Bodem overgangsrecht

Bij de inwerkingtreding van de Omgevingswet blijft in bepaalde gevallen de oude bodemwetgeving, de Wet Bodembescherming (Wbb), van kracht. We spreken hierbij van Overgangsrecht bodem. De regels hiervoor zijn te vinden in de Aanvullingswet Bodem Omgevingswet, de artikelen 3.1 en 3.2. 

In grote lijnen geldt het Overgangsrecht bodem in de volgende situaties: 

  • Nieuwe gevallen (ontstaan tussen 1-1-1987 en 1-1-2024); 
  • Locaties waar de verontreiniging is beschikt als ernst en spoed; 
  • Locaties waarvoor een (deel)saneringsplan is ingediend voor 1-1-2024 
  • Locaties waar op basis van een eerdere sanering (ook BUS saneringen) sprake is van nazorg (zoals een leeflaag) of restverontreiniging; 
  • Locaties die beschikt zijn (ernst en niet spoed) en waar gebruiksbeperkingen gelden of beschermende maatregelen zijn genomen. 

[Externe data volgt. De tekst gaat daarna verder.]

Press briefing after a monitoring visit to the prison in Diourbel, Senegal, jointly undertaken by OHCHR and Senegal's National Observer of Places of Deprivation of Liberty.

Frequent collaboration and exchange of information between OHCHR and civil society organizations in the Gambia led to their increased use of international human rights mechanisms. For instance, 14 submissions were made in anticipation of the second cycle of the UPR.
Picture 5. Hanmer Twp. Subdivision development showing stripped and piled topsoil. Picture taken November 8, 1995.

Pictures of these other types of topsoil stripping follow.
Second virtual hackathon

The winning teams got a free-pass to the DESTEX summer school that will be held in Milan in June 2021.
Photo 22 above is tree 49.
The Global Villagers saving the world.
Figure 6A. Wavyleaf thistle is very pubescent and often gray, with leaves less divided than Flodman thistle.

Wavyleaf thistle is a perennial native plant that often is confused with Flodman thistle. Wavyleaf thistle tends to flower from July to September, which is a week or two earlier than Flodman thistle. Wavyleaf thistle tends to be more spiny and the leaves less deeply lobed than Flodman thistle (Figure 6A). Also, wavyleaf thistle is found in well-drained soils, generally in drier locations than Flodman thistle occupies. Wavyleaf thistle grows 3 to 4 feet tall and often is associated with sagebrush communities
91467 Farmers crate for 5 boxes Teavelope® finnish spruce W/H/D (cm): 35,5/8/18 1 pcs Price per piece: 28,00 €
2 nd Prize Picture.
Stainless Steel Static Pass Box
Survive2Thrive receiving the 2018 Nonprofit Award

Het is mogelijk dat voor een werk zowel de Omgevingswet als de Wet Bodembescherming geldt. 

Ook kan het voorkomen dat een activiteit op een locatie waar mogelijk overgangsrecht bodem van toepassing is, geheel en al onder de Omgevingswet valt. Dit hangt af van de specifieke eigenschappen van de activiteit. 

Op een kaart is aangegeven op welke locaties mogelijk sprake is van overgangsrecht bodem.  

Als Overgangsrecht van toepassing is, dan moet u dit melden via het Meldingsformulier Wet bodembescherming (zie Snel regelen onder Bodem). In gevallen waar ook sprake is van een milieubelastende activiteit onder de Omgevingswet, is daarnaast ook een melding via het Omgevingsloket noodzakelijk.